Luigi Lablache (6 December 1794 – 23 January 1858) was an Italian opera singer of French and Irish ancestry. He was most noted for his comic performances, possessing a powerful and agile bass voice, a wide range, and adroit acting skills: Leporello in Don Giovanni was one of his signature roles.

== Biography ==
Luigi Lablache was born in Naples, the son of Nicolas Lablache, a merchant from Marseille, France, to an Irish lady Rose Anne Maguire. He was educated from 1806 at the Conservatorio della Pietà de' Turchini in Naples, where Gentili taught him the elements of music, and Giovanni Valesi instructed him in singing, while at the same time he studied the violin and cello. He fled the Conservatorio five times in order to pursue an acting career, but each time he was brought back in disgrace. His voice was a beautiful contralto, and just before it broke he sang the solos in Mozart's Requiem on the death of Joseph Haydn in 1809.
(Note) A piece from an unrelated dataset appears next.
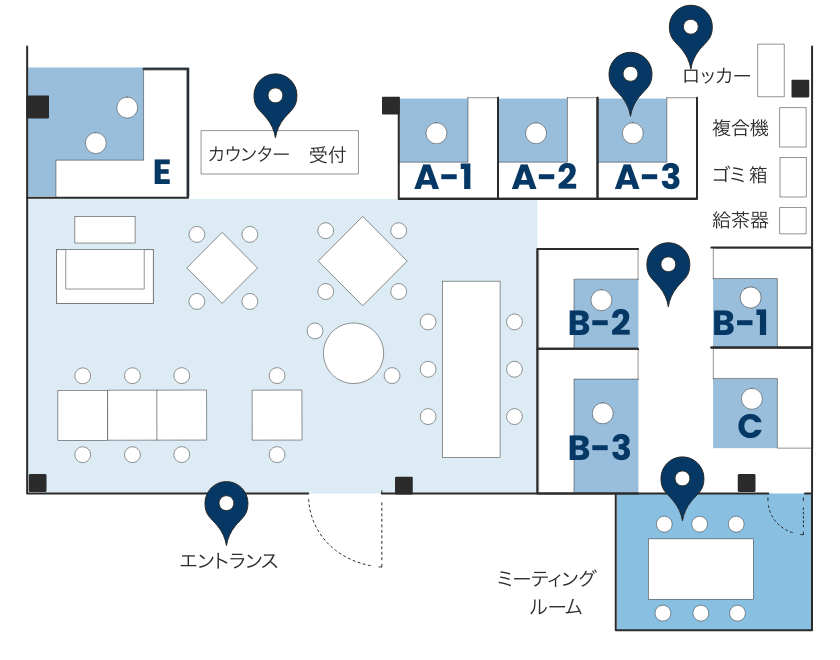 半個室ブースをご契約のお客様者専用のスペースを確保いただけます。ドアは施錠ができ、スペース内であればPCや書類、事務用品などはそのまま置いておくことができます。

Before long he became possessed of a magnificent bass, which gradually increased in volume until at the age of twenty it had attained a compass of two octaves from E-flat below to E-flat above the bass stave. In 1812, when only eighteen, he was engaged at the Teatro di San Carlo, Naples, and appeared in Valentino Fioravanti's La Molinara. From 1812 to 1817, he sang at Palermo. In 1817, at La Scala in Milan, he took the part of Dandini in Rossini's La Cenerentola. The opera Elisa e Claudio was written for him in 1821 by Saverio Mercadante and his position was assured. His reputation spread throughout Europe.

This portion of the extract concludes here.